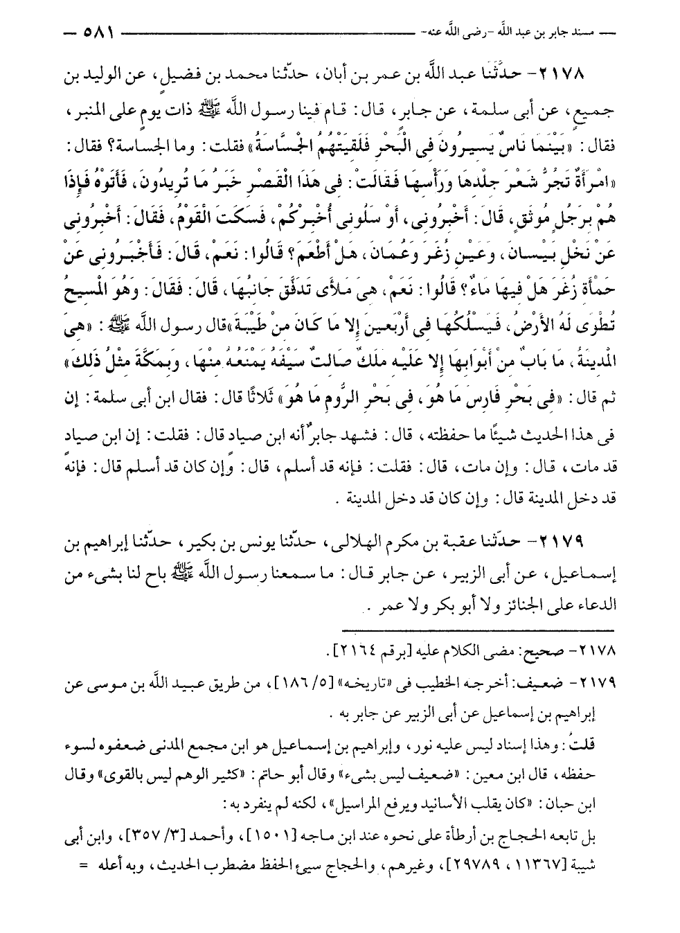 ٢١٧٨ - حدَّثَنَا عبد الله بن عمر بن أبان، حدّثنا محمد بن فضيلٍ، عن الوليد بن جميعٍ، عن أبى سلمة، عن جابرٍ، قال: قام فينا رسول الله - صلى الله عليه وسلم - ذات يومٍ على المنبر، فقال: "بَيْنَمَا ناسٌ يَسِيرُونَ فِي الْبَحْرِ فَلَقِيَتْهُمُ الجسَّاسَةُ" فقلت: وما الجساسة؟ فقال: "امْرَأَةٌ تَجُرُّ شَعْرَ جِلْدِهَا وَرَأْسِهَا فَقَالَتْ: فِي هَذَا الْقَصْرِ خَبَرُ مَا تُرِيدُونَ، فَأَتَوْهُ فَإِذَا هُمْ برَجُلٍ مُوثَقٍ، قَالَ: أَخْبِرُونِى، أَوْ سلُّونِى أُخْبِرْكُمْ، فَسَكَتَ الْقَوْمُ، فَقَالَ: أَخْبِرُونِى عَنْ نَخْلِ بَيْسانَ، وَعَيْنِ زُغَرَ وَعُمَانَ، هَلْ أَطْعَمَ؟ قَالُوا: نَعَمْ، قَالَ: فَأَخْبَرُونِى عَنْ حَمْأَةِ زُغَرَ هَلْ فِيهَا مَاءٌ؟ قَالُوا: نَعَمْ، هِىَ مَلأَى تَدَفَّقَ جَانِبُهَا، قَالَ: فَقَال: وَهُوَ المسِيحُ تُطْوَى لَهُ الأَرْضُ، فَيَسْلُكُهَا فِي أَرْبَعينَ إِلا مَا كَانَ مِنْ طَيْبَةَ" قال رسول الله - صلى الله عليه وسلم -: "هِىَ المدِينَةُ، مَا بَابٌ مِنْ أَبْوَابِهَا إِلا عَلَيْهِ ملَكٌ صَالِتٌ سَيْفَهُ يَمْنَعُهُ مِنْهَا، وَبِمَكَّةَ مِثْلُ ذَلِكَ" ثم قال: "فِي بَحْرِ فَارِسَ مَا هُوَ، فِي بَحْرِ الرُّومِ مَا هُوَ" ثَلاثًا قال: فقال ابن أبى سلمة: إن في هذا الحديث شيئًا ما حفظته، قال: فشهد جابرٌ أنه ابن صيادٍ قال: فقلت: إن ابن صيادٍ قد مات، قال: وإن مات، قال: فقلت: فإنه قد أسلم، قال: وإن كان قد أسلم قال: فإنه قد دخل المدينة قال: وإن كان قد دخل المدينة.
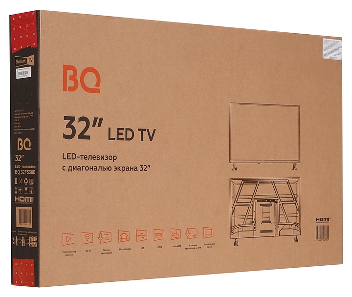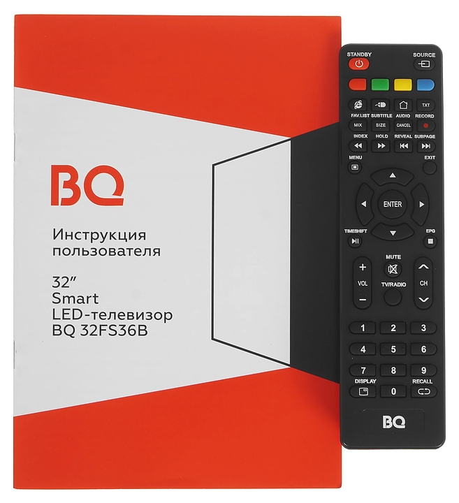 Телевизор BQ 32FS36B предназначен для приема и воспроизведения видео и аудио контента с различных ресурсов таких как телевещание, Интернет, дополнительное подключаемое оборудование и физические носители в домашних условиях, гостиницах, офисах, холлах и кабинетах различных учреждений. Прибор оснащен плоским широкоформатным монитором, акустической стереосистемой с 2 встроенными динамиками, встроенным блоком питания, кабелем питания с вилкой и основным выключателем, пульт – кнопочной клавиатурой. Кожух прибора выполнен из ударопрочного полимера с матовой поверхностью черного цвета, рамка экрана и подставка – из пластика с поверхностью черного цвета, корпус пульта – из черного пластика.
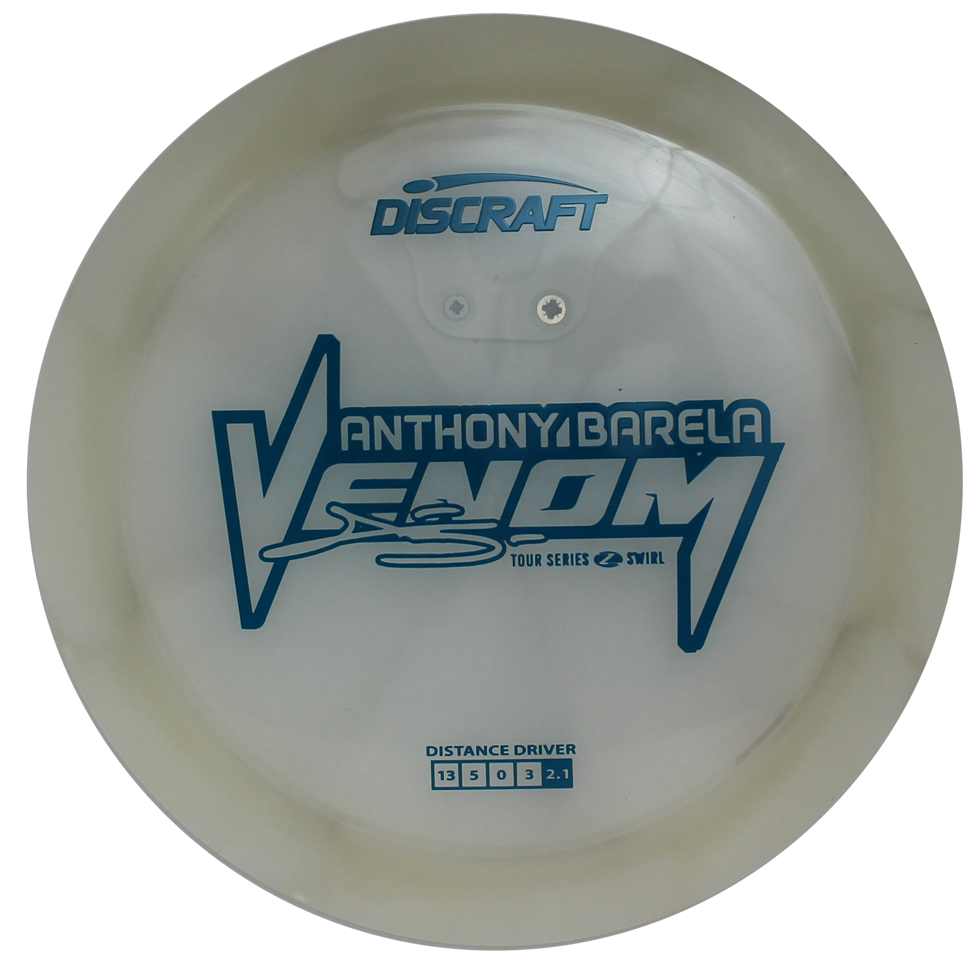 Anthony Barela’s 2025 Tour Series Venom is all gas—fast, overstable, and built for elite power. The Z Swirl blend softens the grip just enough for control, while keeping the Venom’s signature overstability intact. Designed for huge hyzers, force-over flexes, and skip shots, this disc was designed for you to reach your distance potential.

+ + + + + + +

**Task details:** Nothing but the lines from the line with "Телевизор BQ 32FS36B" through the last line of the listing should be copied, exactly and with both ends kept. Leave pictures out.

**Written solution:**
 Телевизор BQ 32FS36B предназначен для приема и воспроизведения видео и аудио контента с различных ресурсов таких как телевещание, Интернет, дополнительное подключаемое оборудование и физические носители в домашних условиях, гостиницах, офисах, холлах и кабинетах различных учреждений. Прибор оснащен плоским широкоформатным монитором, акустической стереосистемой с 2 встроенными динамиками, встроенным блоком питания, кабелем питания с вилкой и основным выключателем, пульт – кнопочной клавиатурой. Кожух прибора выполнен из ударопрочного полимера с матовой поверхностью черного цвета, рамка экрана и подставка – из пластика с поверхностью черного цвета, корпус пульта – из черного пластика.
 Anthony Barela’s 2025 Tour Series Venom is all gas—fast, overstable, and built for elite power. The Z Swirl blend softens the grip just enough for control, while keeping the Venom’s signature overstability intact. Designed for huge hyzers, force-over flexes, and skip shots, this disc was designed for you to reach your distance potential.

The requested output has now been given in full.